Health Informatics for Pediatric Disaster Preparedness Planning

RV Burke 1, T Ryutov 2, R Neches 2, JS Upperman 1,
PMCID: PMC3631906  PMID: 23616840

Abstract

Objective

1. To conduct a review of the role of informatics in pediatric disaster preparedness using all medical databases. 2. To provide recommendations to improve pediatric disaster preparedness by the application of informatics.

Methods

A literature search was conducted using MEDLINE, CINHL and the Cochrane Library using the key words “children” AND “disaster preparedness and disaster” AND “informatics”.

Results

A total of 314 papers were initially produced by the search and eight that met the selection criteria were included in the review. Four themes emerged: tools for disaster preparedness, education, reunification and planning and response.

Conclusion

The literature pertaining to informatics and pediatric disaster preparedness is sparse and many gaps still persist. Current disaster preparedness tools focus on the general population and do not specifically address children. The most progress has been achieved in family reunification; however, the recommendations delineated are yet to be completed.

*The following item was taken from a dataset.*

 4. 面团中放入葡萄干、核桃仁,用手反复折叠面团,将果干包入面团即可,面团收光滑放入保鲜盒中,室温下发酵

Keywords: Children, disaster, preparedness, informatics, technology, planning

1. Background

The potential contribution of informatics to public health and disaster preparedness was first demonstrated during the anthrax attacks in 2001 [1]. At that time, the contribution of informatics was primarily considered to be supportive and focused mostly on ancillary technology, such as electronic mail communication. Since the anthrax attacks, a series of public health events have helped to define the role of informatics in disaster preparedness [1]. The ensuing events exposed the fragmented public health information system, which complicated rapid information sharing and response, and demonstrated the need for consistency and interconnectedness of information systems in public health and disaster preparedness. Since then, many leaders and emergency planners have recognized the importance of informatics for response to natural and man-made disasters [1-6].

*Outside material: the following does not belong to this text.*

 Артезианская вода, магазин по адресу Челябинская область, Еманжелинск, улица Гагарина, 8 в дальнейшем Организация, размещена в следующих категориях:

During and after a disaster, children are particularly vulnerable due to physiological, developmental, and psychological differences [7-9] and special considerations are necessary in order to provide proper care for them. Pediatric response can be improved in a number of ways, including enhanced pediatric disaster expertise and limited family separation [10]. However, planners tend to overlook pediatric needs because the significance of their differences from the adult population is not generally recognized [11]. Moreover, some believe that during emergencies and disasters children can receive the same care as adults. However, this notion is wrong. With regards to physiological makeup, their organs are proportionately larger, closer together, and not as well-protected as are adult organs. Their small size increases their chances of sustaining serious head and multisystem organ injuries from blunt trauma. The fact that children breathe faster and have more rapid heart rates increases their susceptibility to airborne chemical and biological agents. Children also metabolize drugs differently than adults, thereby requiring varying dosages of drugs, antidotes, and specialized equipment for medication administration. Children also have a greater surface area relative to body mass than adults and have more permeable skin, thereby receiving proportionally higher doses of agents that either affect the skin or are absorbed through the skin. Children become dehydrated easily and possess minimal reserve, placing them at greater risk to agents that cause diarrhea and/or vomiting.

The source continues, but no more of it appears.